The team at the University of Colorado Boulder state that the phenomenal extent of this means cars, trucks and buses worldwide emit 4.6 million tons more harmful nitrogen oxide, a chemical precursor to particulate matter and ozone, than standards allow.

They found that in 2015, diesel vehicles emitted 13.1 million tonnes. Had the emissions met standards, they would have been closer to 8.6 million tons.

And these excess emissions alone lead to 38,000 premature deaths globally, and 1,100 in the United States.

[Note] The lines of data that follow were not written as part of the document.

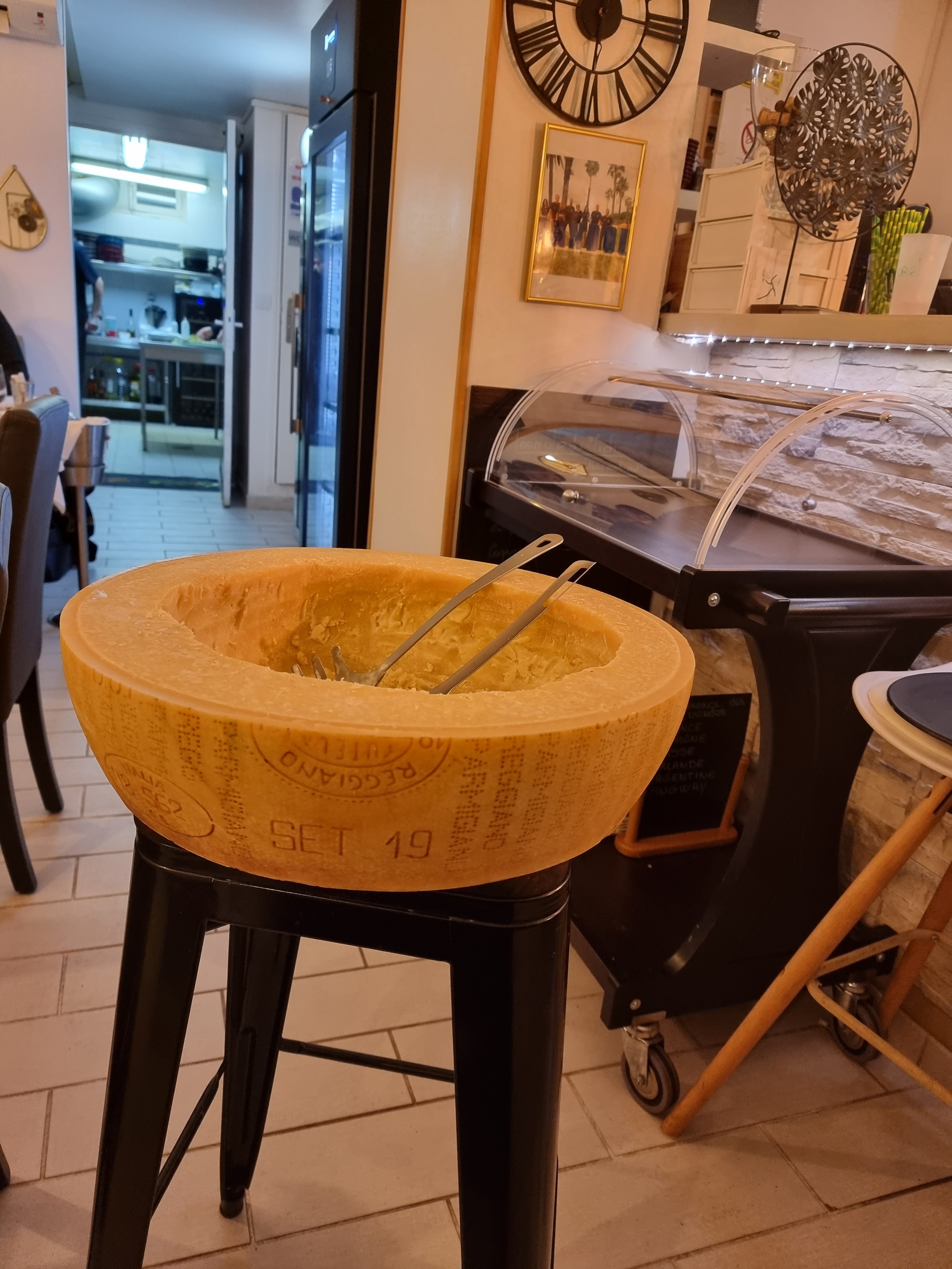 Nous avons testé leur spécialité : les pâtes dans la meule de parmesan, un régal ! Je recommande 😊
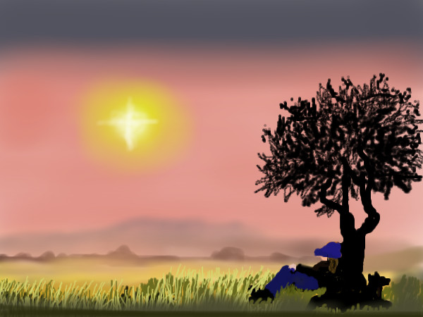 That's a cool looking tree, and I like the soft colors in the background.....nice draw!! :)
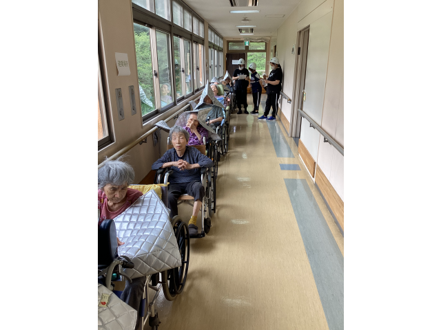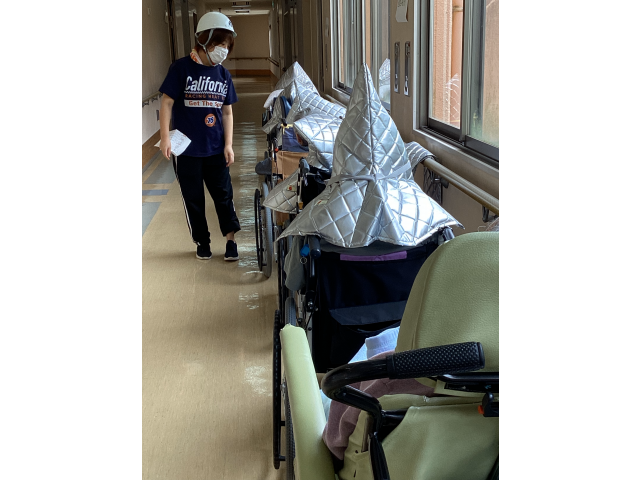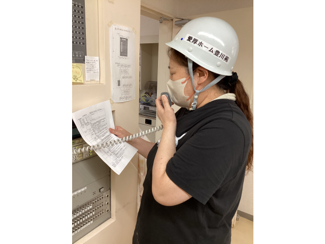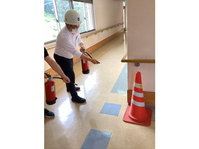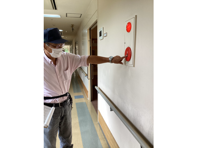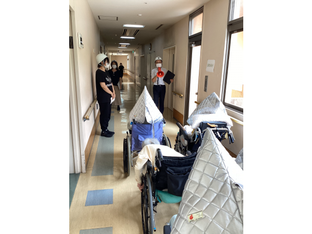 7月19日、夜間に火災が起こったと想定した防災訓練が行われました。夜を想定している為、夜勤者のみでの避難誘導となりました。
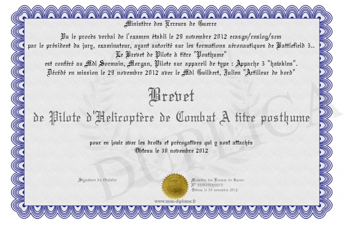Envoyez par email votre Brevet de Pilote d'Helicoptère de Combat A titre posthume personalisé
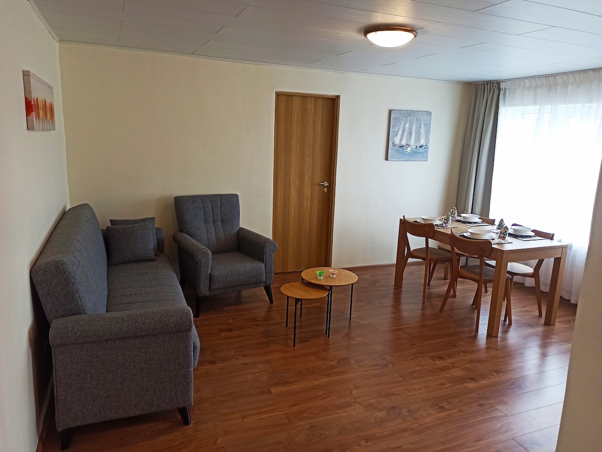 Sé sencillo en este lugar tranquilo y céntrico. El departamento no está diseñado como un lugar para fiestas. La cocina con todo lo necesario (horno,estufa, nevera, hervidor de agua, cafetera), baño (ducha y lavadora), sala de estar con dos sofás ( 2 y 1 asientos; también hay una cuna al aire libre) se puede utilizar. El departamento tiene un balcón con una acogedora esquina para sentarse.
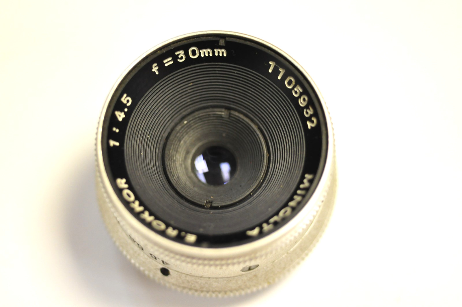 Minolta E. Rokkor 30mm f4.5 enlarging lens w/39mm thread. READ. AS IS.
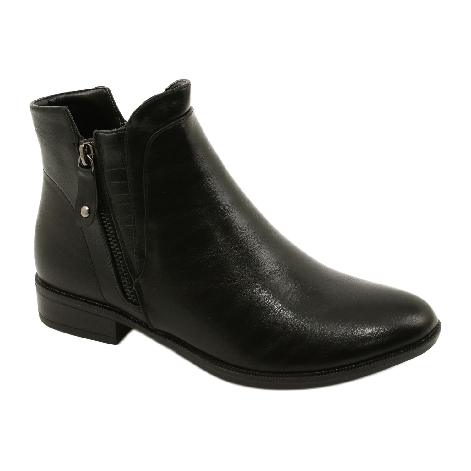 Botinele M.Daszyński din piele ecologică AM65-91 de culoare neagră sunt alegerea perfectă pentru femeile care doresc să îmbine eleganța cu confortul. Aceste cizme elegante se disting printr-un design clasic, atemporal, care se potrivește perfect în diverse stiluri - atât cele de zi cu zi, cât și cele mai formale.
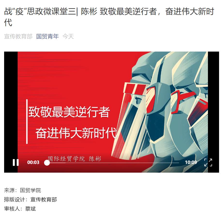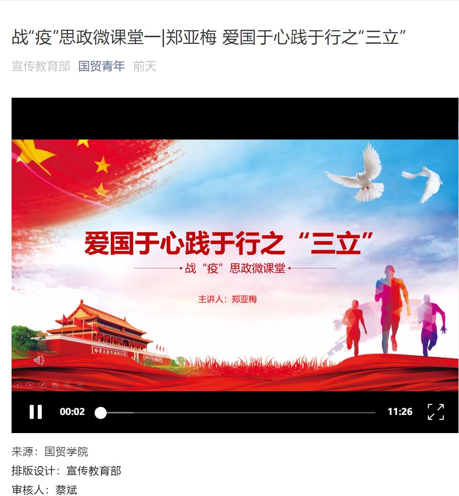 在防控新冠肺炎疫情的关键时期,为宣传全国人民在以习近平同志为核心的党中央坚强领导下齐心协力抗击疫情的重大举措、感人事迹、生动故事,充分挖掘其中蕴含的思想政治教育元素,引导青年大学生增强“四个意识”、坚定“四个自信”、做到“两个维护”,坚定打赢这场疫情防控人民战争、总体战、阻击战的信心和决心,深刻认识中国抗疫彰显的中国共产党领导和中国特色社会主义制度的显著优势,教育引导学生弘扬中国精神,国际经贸学院重磅推出战“疫”系列思政微课,为全院坚守在家的1500余名学子呈上了一份优质的思政大餐。
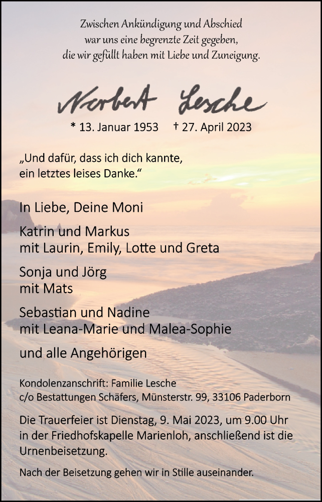 Hier finden Sie alle Traueranzeigen aus der Zeitung, die bisher für Norbert Lesche erschienen sind. Weitere Traueranzeigen, die in der Zeitung erscheinen, werden hier ebenfalls aufgelistet
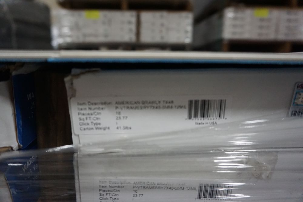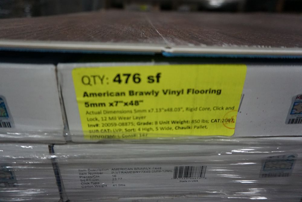 American Brawly Vinyl Flooring 5mm x 7" x 48". Rigid Core,20 Boxes, 10 Pc Per Box, 23.77 Per Box, Actual Dimensions: 5mm x 7.13" x 48.03", Click & Lock, 12 Mil Wear Layer *Any manufacturer warranties are NOT VALID with any purchase at our Auctions unless stated otherwise.. Weight: 850. Sold by: Square Foot. Sold as: Quantity x Price.
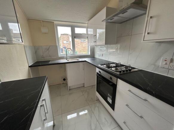 Refitted kitchen, window to front aspect, electric oven and gas hob, heater, extractor fan, plumbing for a washing machine, stainless steel sink and drainer.
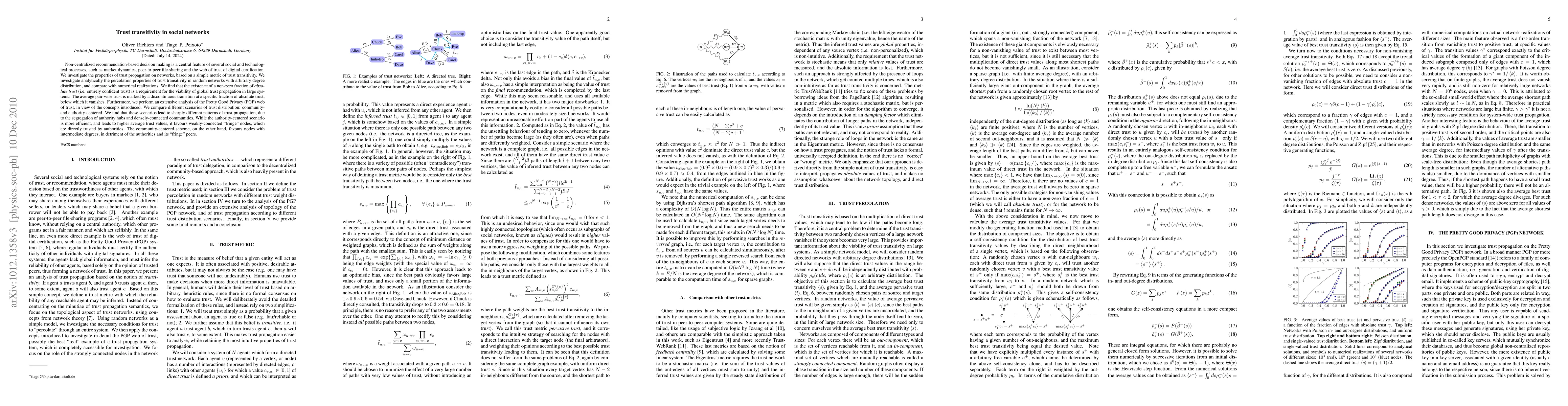 This paper examines trust transitivity in social networks, finding that global trust propagation requires a non-zero fraction of absolute trust. It analyzes trust percolation in random networks and compares results to the PGP web of trust, revealing distinct propagation patterns in community- and authority-centered trust distributions.

In fact the study projects that by 2040, 183,600 people will die prematurely each year due to diesel vehicle NOx emissions unless governments act.

The primary cause of these excess fumes can be traced back to heavy-duty vehicles, such as commercial trucks and buses, which account for 76% of the problem.

The findings reveal major inconsistencies between what vehicles emit during testing and what they emit in the real world, due to testing inefficiencies, maintenance inadequacies and other factors.

Susan Anenberg, co-lead author of the study, said: “The consequences of excess diesel NO emissions for public health are striking.

“Tighter vehicle emission standards coupled with measures to improve real-world compliance could prevent hundreds of thousands of early deaths from air pollution-related diseases each year,”

They assessed 30 studies of vehicle markets, representing 80% of new diesel vehicle sales in 2015, including Australia, Brazil, Canada, China, the European Union, India, Japan, Mexico, Russia, South Korea, and the United States.

Air pollution in Europe is causing nearly half a million premature deaths every year, according to a 2016 report from the European Environment Agency.

The EEA released their annual report in November last year, for the 28 European Union member states, and warned that despite a general trend of improvement, the toxicity of the air is still killing 467,000 people annually.

The World Health Organisation, in 2016, said that 92% of the world’s population lives in places where air quality levels exceed WHO safety limits

They also claim that some three million deaths a year are linked to exposure to outdoor air pollution.